= Aim of the task =
Your reply should contain nothing except the lines from the one with "Замок и ручки" through the end of the listing below, reproduced exactly and stripped of pictures.
Data shown section start
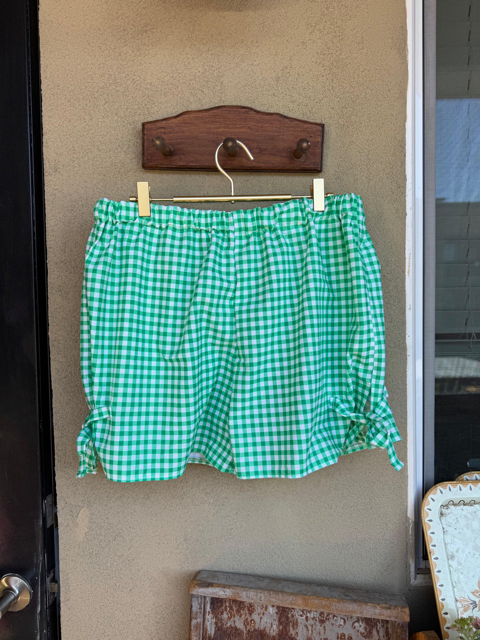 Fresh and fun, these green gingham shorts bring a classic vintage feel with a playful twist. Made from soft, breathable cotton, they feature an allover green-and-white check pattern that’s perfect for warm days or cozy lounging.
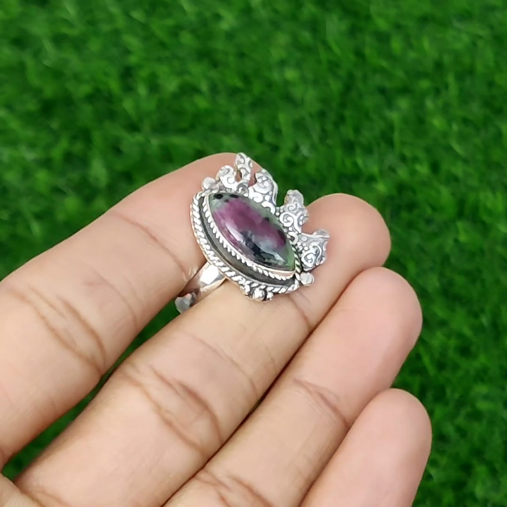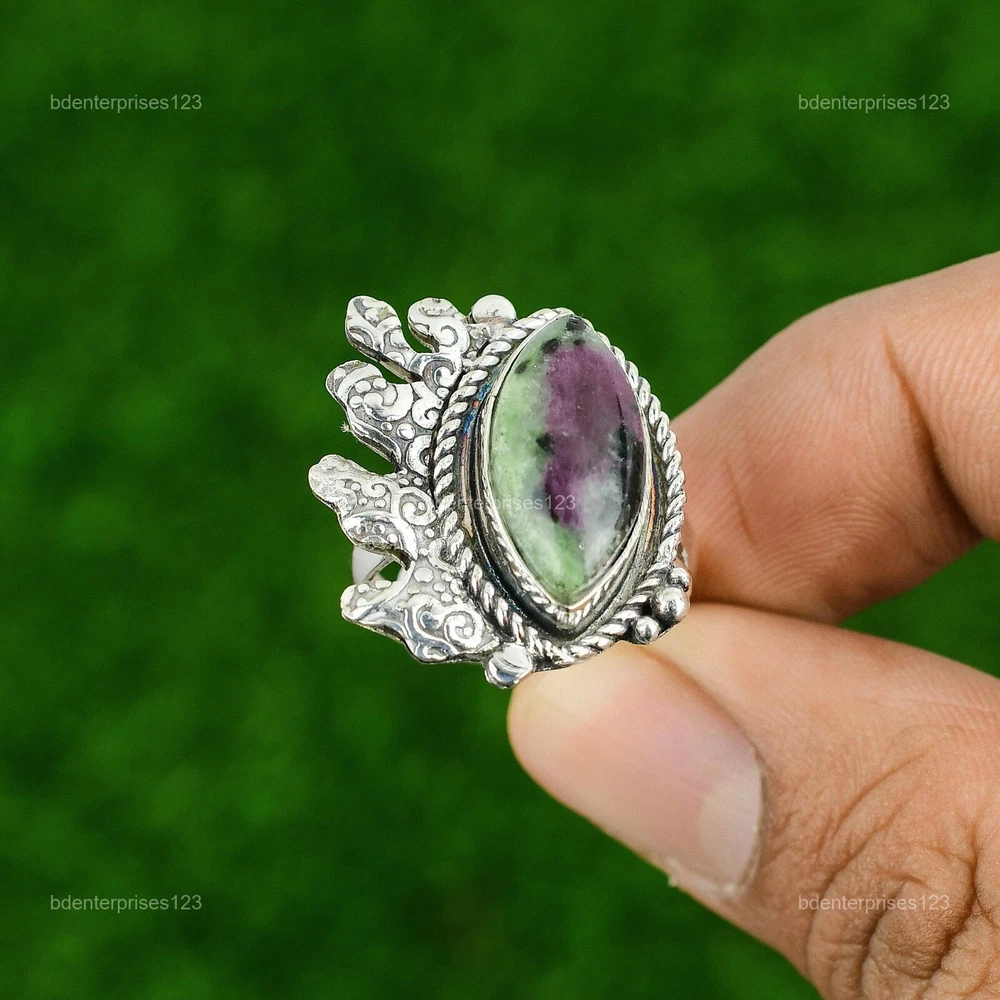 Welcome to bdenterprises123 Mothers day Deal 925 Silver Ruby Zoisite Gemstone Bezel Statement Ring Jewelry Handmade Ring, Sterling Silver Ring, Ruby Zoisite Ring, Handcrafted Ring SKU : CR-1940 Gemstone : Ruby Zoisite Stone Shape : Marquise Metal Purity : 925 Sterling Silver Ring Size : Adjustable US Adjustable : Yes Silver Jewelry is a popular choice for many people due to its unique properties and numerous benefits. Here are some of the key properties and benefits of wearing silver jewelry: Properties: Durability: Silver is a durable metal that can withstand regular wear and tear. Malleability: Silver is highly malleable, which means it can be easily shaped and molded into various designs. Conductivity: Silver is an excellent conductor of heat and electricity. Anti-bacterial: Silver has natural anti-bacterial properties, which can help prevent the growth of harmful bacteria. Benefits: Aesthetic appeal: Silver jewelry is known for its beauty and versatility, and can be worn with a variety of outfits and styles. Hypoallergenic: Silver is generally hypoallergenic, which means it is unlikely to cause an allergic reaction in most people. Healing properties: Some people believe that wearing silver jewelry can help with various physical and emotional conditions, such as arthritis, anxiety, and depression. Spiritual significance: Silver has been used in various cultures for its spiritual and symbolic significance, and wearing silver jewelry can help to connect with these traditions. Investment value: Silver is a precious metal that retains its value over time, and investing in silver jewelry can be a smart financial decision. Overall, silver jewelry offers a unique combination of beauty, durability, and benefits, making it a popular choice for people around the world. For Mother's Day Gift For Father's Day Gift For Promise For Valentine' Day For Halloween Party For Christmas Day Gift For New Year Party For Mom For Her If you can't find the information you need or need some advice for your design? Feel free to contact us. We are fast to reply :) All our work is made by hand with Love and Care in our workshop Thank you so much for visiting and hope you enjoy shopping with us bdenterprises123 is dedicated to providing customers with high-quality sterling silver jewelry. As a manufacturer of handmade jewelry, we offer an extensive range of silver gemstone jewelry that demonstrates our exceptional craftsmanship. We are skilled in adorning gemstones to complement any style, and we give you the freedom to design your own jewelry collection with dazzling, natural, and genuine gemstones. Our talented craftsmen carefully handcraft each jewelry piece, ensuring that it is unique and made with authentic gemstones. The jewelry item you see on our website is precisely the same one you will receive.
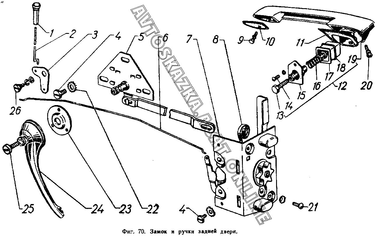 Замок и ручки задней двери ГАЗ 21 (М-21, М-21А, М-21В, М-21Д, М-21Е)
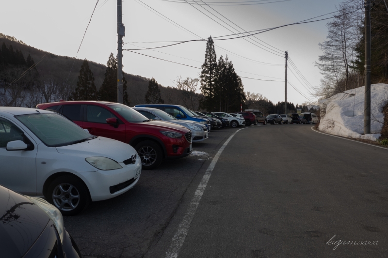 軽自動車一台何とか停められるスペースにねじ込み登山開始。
Data shown section end
= Exercise answer =
 Замок и ручки задней двери ГАЗ 21 (М-21, М-21А, М-21В, М-21Д, М-21Е)
 軽自動車一台何とか停められるスペースにねじ込み登山開始。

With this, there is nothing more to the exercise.